What is the mistake in this solution? Problem: Solve the initial value problem $y’=3y; y(0)=a>0$.
My solution:
Exploiting variable separable method,
$${dy\over y}=3\, dx$$
$$\implies\ln |y|=3x+C$$
where $C$ is the constant of integration. Now using $y(0)=a$ and $a>0$,
$\ln a=C$.
$$\therefore\ln |y|=3x+\ln a$$
$$\implies |y|=e^{3x+\ln a}$$
$$\implies y=\pm ae^{3x}$$
But clearly $y=-ae^{3x}$ isn’t a solution for the given problem.
So what went wrong?
 A: There is no error, as $-ae^{3x}$ is not a solution, violating the initial condition, and $+ae^{3x}$ is a solution, you have found the unique solution.
It is always possible that some non-equivalent step increases the number of intermediate solution candidates, so that you have to compare back with the original problem to select the true solutions.

You could also have done the preliminary analysis of the ODE in that $y=0$ is a constant, stationary solution of the ODE, so that by uniqueness no other solution can change its sign (as a sign change would imply the crossing of two solutions). Then because of $y(0)=a>0$, the solution of the IVP is positive, so that you can resolve the absolute value in $\ln|y|$ immediately to $\ln y$, removing the ambiguity.

Or staying with your solution method, observe that by dividing by $y$ the result is only valid as long as $y\ne 0$ to avoid division by zero. By the initial condition this means the obtained solution is only valid where $y>0$, again giving $|y|=y$. In the finished solution you can then find that the solution function has no zero crossings, thus is valid everywhere.
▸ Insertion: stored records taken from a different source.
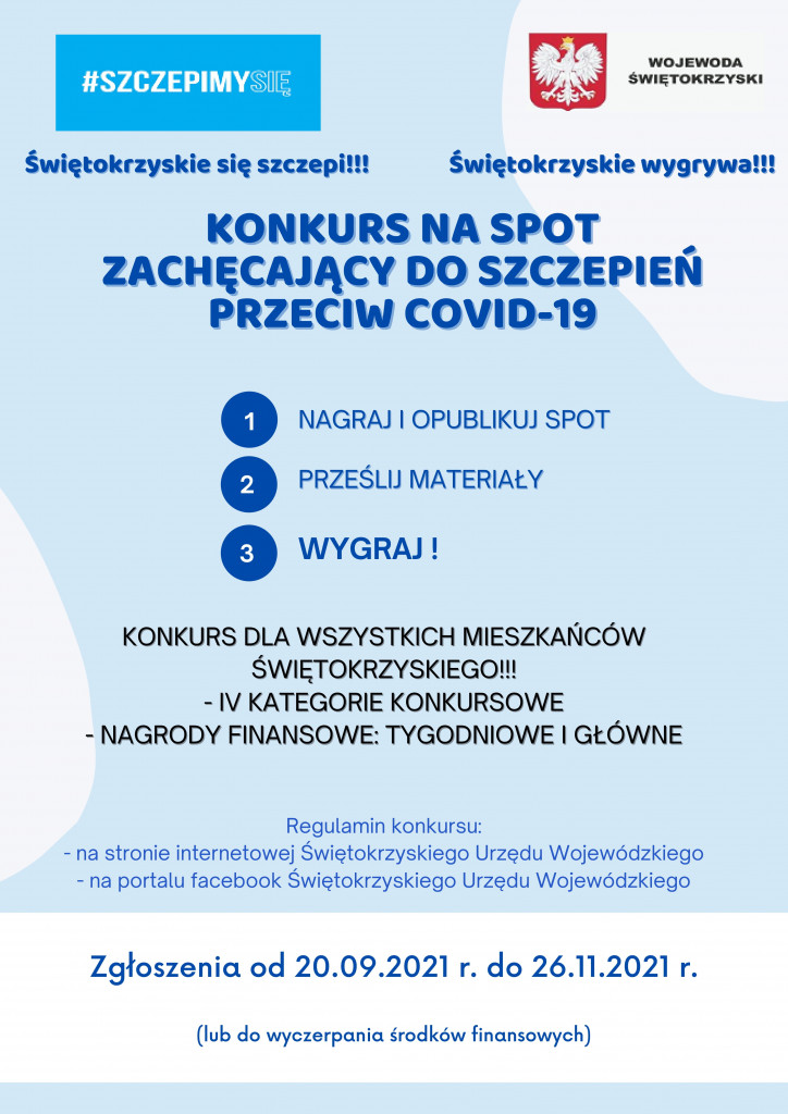 Państwowy Powiatowy Inspektor Sanitarny w Starachowicach zaprasza do udziału w konkursie ogłoszonym przez Wojewodę Świętokrzyskiego na spot lub materiał filmowy zachęcający do szczepień mieszkańców województwa świętokrzyskiego i informujący o korzyściach płynących ze szczepienia przeciwko COVID-19.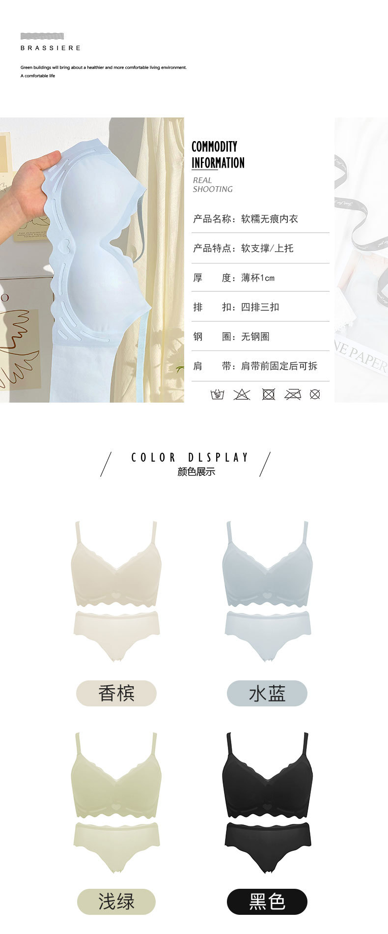 벌거 벗은 원활한 젤리 부드러운 지원 속옷 소녀 스타일 작은 가슴 수집 봄과 여름 얇은 강철 반지 텍스트 브래지어 세트스토어 가기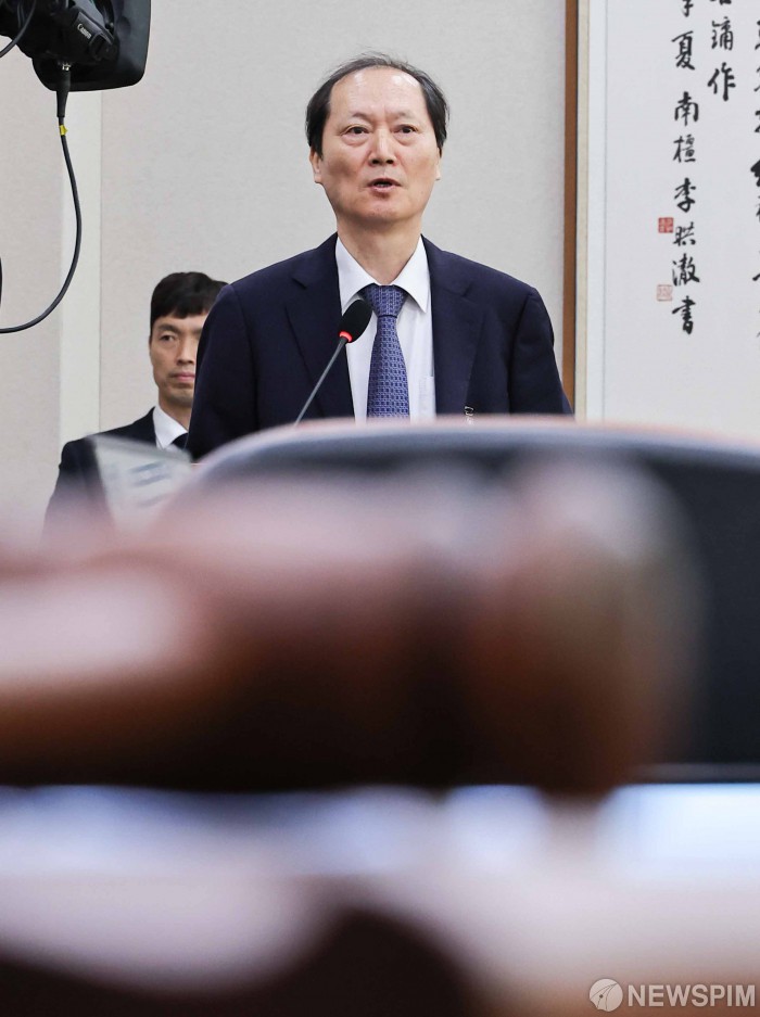 [서울=뉴스핌] 윤창빈 기자 = 이완규 전 법제처장이 27일 서울 여의도 국회에서 열린 법제사법위원회의 대검찰청 국정감사에서 선서 거부의 이유를 밝히고 있다. 2025.10.27 pangbin@newspim.com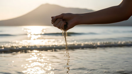 A hand lets sand fall into the ocean near a mountain at sunset.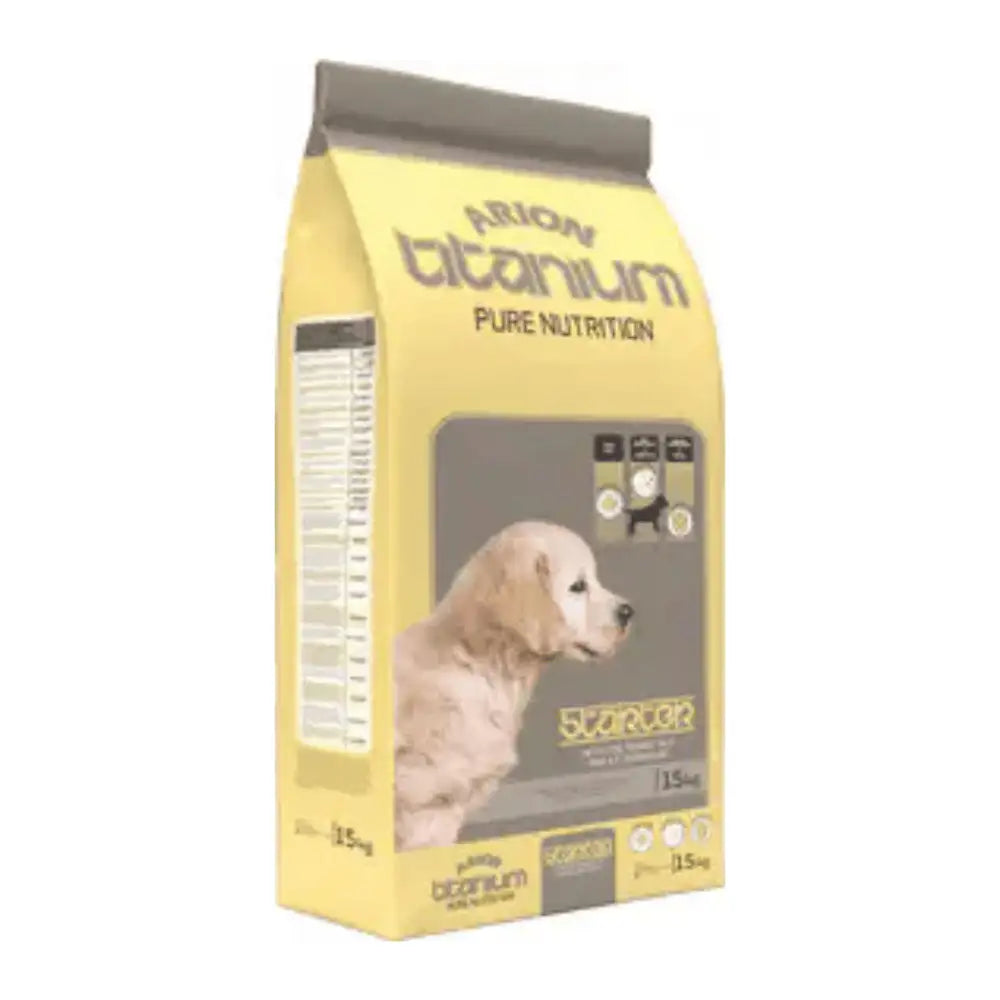 Con 25 % de pavo, arroz y 8 % de aceite de salmón, Arion Titanium Starter es un alimento completo para cachorros en su transición de la leche a la comida sólida. Formulado para equilibrar el déficit energético natural de la etapa post-destete, también es ideal para madres desde una semana antes del parto hasta el final de la lactancia.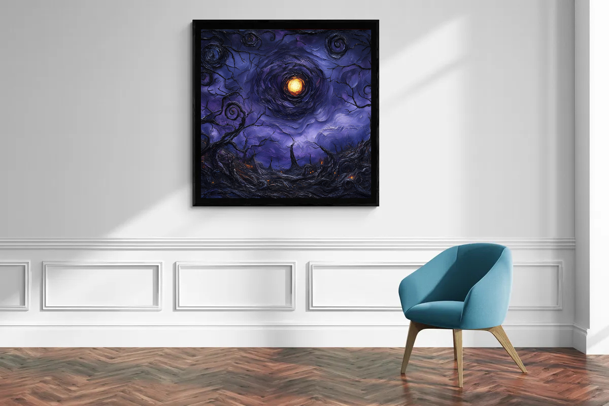 Mit „Tanz der verdorrten Zweige“ holen Sie ein Stück der geheimnisvollen Magie der Nacht in Ihre Räume. Es ist ein Kunstwerk, das sowohl optisch fesselt als auch eine tiefe, poetische Botschaft trägt – eine Einladung, das Licht in der Dunkelheit zu entdecken.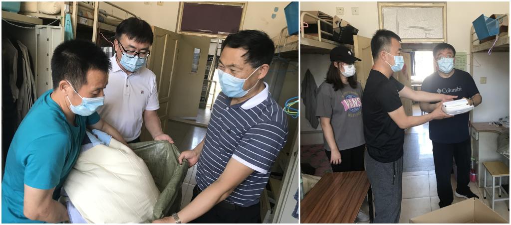 为了切实做好毕业生物品分包整理和邮寄工作,6月8日下午,学校党委副书记于成学深入学生公寓,代表学校党委看望慰问了各学院为毕业生分包整理个人物品的党政领导、辅导员和班主任,并带头为毕业生行李袋封口打包,与毕业生现场视频连线“云见面”,隔空送上了学校的问候与祝福。对各学院领导带头、不怕酷暑、辛勤付出、无私服务毕业生的自觉行动给予了高度赞扬和充分肯定。同时,要求各学院解释再耐心一些、工作再细心一些、服务再贴心一些,满足毕业生所有需求,个人物品应邮尽邮,确保把“好事”办好。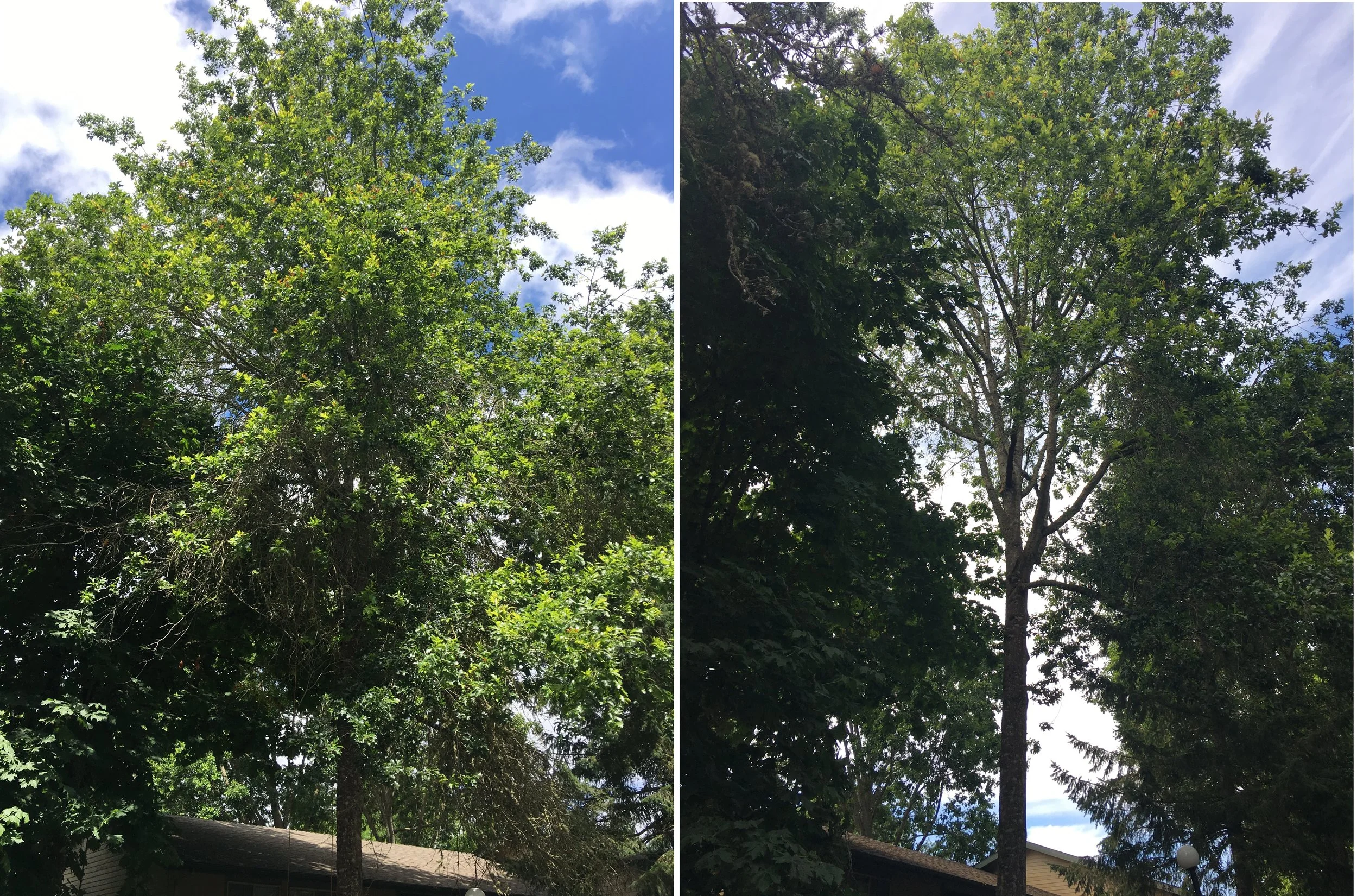 Pin Oak that got a major deadwood prune, look at all the new light that shines through!
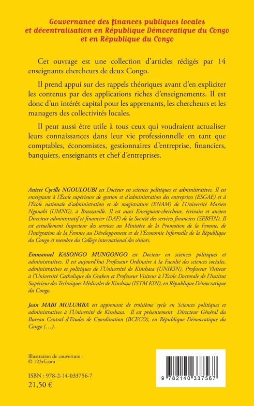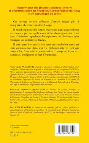 Cet ouvrage est une collection d’articles rédigés par 13 enseignants chercheurs de deux Congo. Il prend appui sur des rappels théoriques avant d’en expliciter les contenus par des applications riches d’enseignements. Il est donc d’un intérêt capital pour les apprenants, les chercheurs et les managers des collectivités locales. Il peut aussi être utile à tous ceux qui voudraient actualiser leurs connaissances dans leur vie professionnelle en tant que comptables, économistes, gestionnaires d’entreprise, financiers, banquiers, enseignants et chef d’entreprises.

A: The implications are only flowing forward, not backwards. You know, from your argument,
$$((y' = 3y) \land (y(0) = a > 0)) \implies (y = ae^{3x}) \lor (y = -ae^{3x}).$$
You don't know the converse:
$$(y = ae^{3x}) \lor (y = -ae^{3x}) \implies ((y' = 3y) \land (y(0) = a > 0)).$$
In fact, the converse is false, as you noted. If $y = -ae^{3x}$, then the right side is not satisfied.
This is a common thing in many equation-solving methods: an infinite set of potential solutions is reduced to a small finite set of possible solutions, but none of the potential solutions are actually proven by the method. There may even be no solutions! It is important to verify the potential solutions you obtain from such a solving method, otherwise you might settle on erroneous possible solutions.